Chapter 14

Fourteen

Bonnie Lathbury drives downtown and takes Clemence out for sushi, telling her that if she apologizes to her sister, Sandro will hook her up with one of his colleagues for an editing job.

“I can’t read Italian,” says Clemence.

“It’s a translation.” Bonnie efficiently moves the wasabi away from her California roll. She and Roger don’t do spice. “Just say you’re sorry. I don’t understand the point of you moving all the way back here if you’re only going to be on the outs.”

“That wasn’t up to me!” says Clemence. “Prudence is being dramatic.”

“Prudence is being Prudence,” says Bonnie, eyeing her carefully. “Besides, I think you’ll need the money.”

Clemence nods, picking up the last sweet potato tempura; this is true.

Bonnie’s still watching her.

“What?” Clemence asks, with her mouth full.

“Toad called.”

Clemence chokes, which is distressing, but also opportune because, as she struggles to breathe, she doesn’t have to hear what comes next, or say anything herself, and maybe this could be a convenient way to go …

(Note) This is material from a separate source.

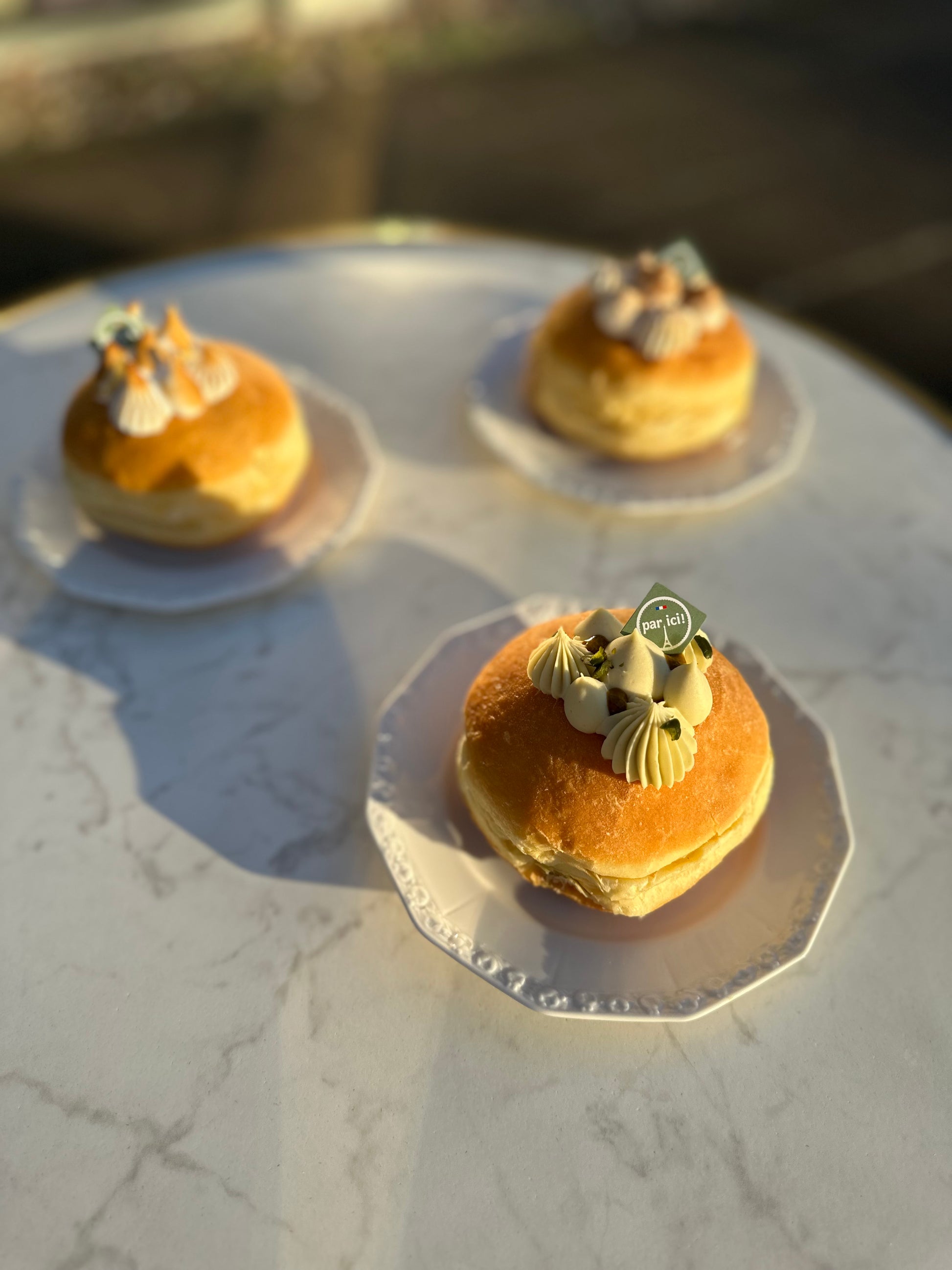 Berliner gefüllt mit einer vollmundigen Pistaziencreme getoppt mit Pistazien-Praliné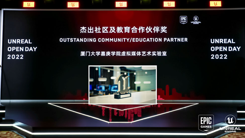 2022年,VR实验室代表我校荣获虚幻引擎“杰出教育合作伙伴奖”

except that she doesn’t really want to die, and the tempura is easily dislodged from her throat.

Bonnie refills her water glass, and Clemence takes a sip, wondering how long she can drag this out for, if she might get away without saying a word.

But no. Bonnie says, “We thought you’d been in touch with the lawyer. You told us you’d been.” Clemence is not going to get away with this at all.

“I didn’t say that, exactly.”

“You said you were dealing with it.”

“And I was,” Clemence protests. “I mean, I was going to. I still am. Just …” She picks up a dab of wasabi and uses her chopsticks to mix it into her soy sauce.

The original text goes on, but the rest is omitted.